I am new to Python and this is for the first time trying SAX Parsing
File read:
for dirpath, dirs, files in os.walk(fp1):
for filename in files:
print(files)
fname = os.path.join(dirpath,filename)
if fname.endswith('.xml'):
print(fname)
#for count in files:
parser.parse(fname)
def characters(self, content):
rows = []
cols = ["ReporterCite","DecisionDate","CaseName","FileNum","CourtLocation","CourtName","CourtAbbrv","Judge","CaseLength","CourtCite","ParallelCite","CitedCount","UCN"]
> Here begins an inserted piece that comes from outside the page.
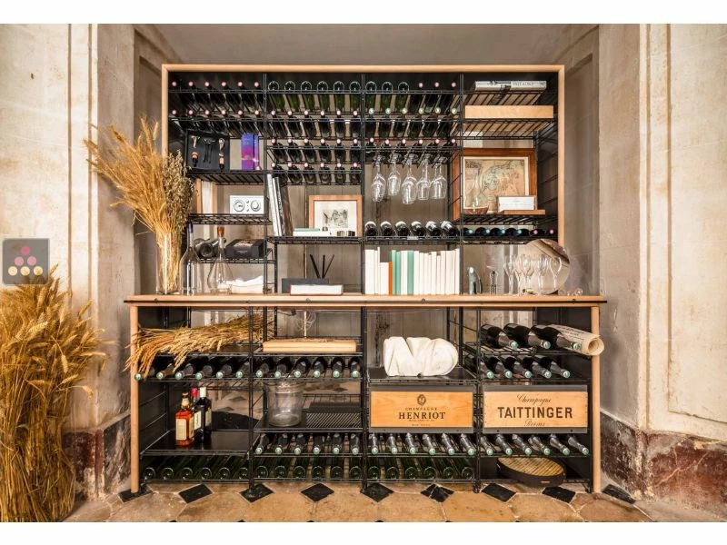 Aménagement de cave Bois et métal pour 986 bouteilles – Fabrication spécifique Marchand de Vin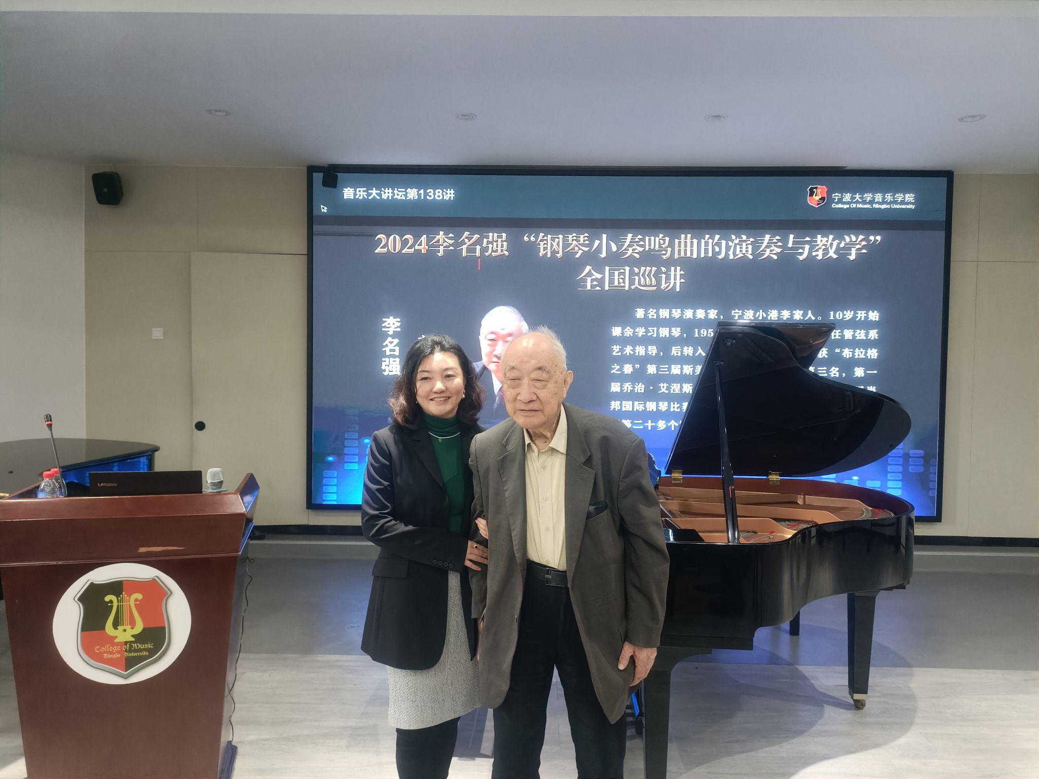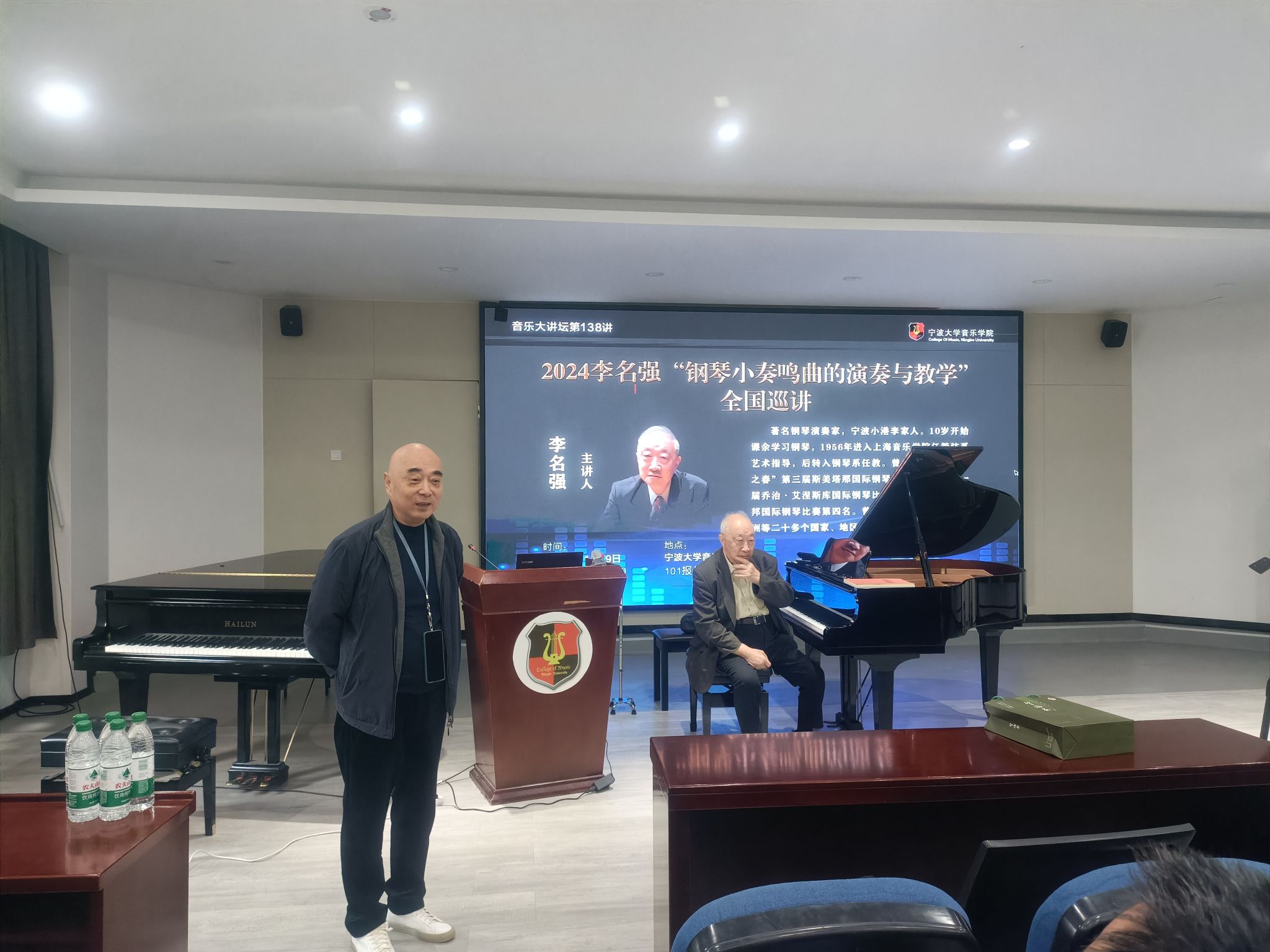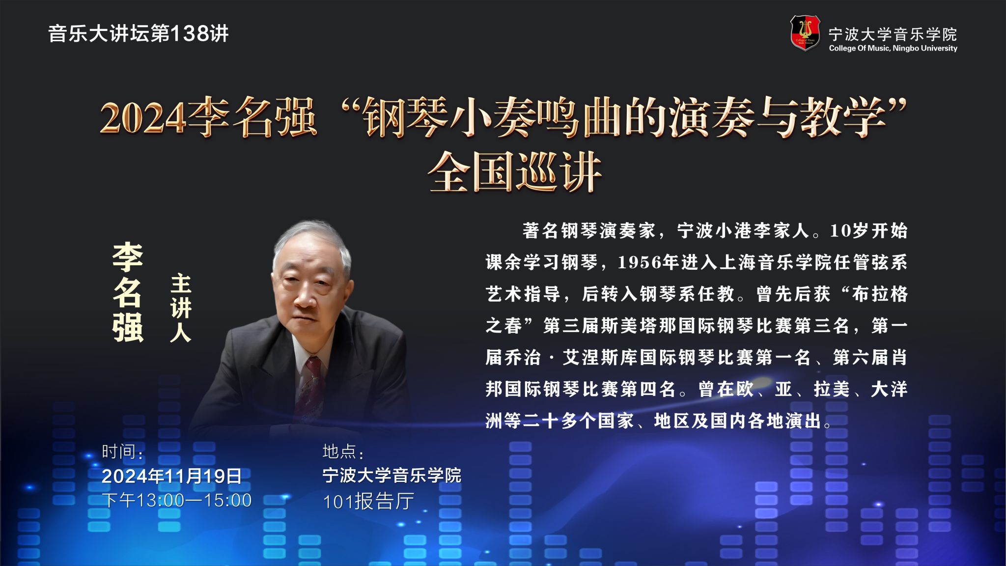2024年11月19日 下午,著名钢琴演奏家李名强在宁波大学音乐学院101报告厅举办《2024李名强“钢琴小奏鸣曲的演奏与教学”全国巡讲》大师班,音乐学院部分师生进行了现场观摩。李名强,著名钢琴演奏家,宁波小港李家人。10岁开始课余学习钢琴,1956年进入上海音乐学院任管弦系艺术指导,后转入钢琴系任教。曾先后获“布拉格之春”第三届斯美塔那国际钢琴比赛第三名,第一届乔治·艾涅斯库国际钢琴比赛第一名、第六届肖邦国际钢琴比赛第四名。曾在欧、亚、拉美、大洋洲等二十多个国家、地区及国内各地演出。

#ReporteCite, DecisionDate, CaseName, FileNum, CourtLocation, CourtName, CourtAbbrv, Judge, CaseLength, CourtCite, ParallelCite, CitedCount, UCN
rows.append({"ReporterCite":self.rc,
"DecisionDate": self.dd,
"CaseName": self.can,
"FileNum": self.fn,
"CourtLocation": self.loc,
"CourtName": self.cn,
"CourtAbbrv": self.ca,
"Judge": self.j,
"CaseLength": self.cl,
"CourtCite": self.cc,
"ParallelCite": self.pc,
"CitedCount": self.cd,
"UCN": self.rn})
#print(rows)
df = pd.DataFrame(rows, columns=cols)
df.to_csv(fp2,index=False)
CodePudding user response:
I assume you will always overwrite your previous result. This is a pandas question, not a SAX question. You would like append to the existing csv, right? If this is the case you have to use the mode = ‘a’, like
df.to_csv('filename.csv',mode = 'a')
More options, see Doc
- 'w' open for writing, truncating the file first (default)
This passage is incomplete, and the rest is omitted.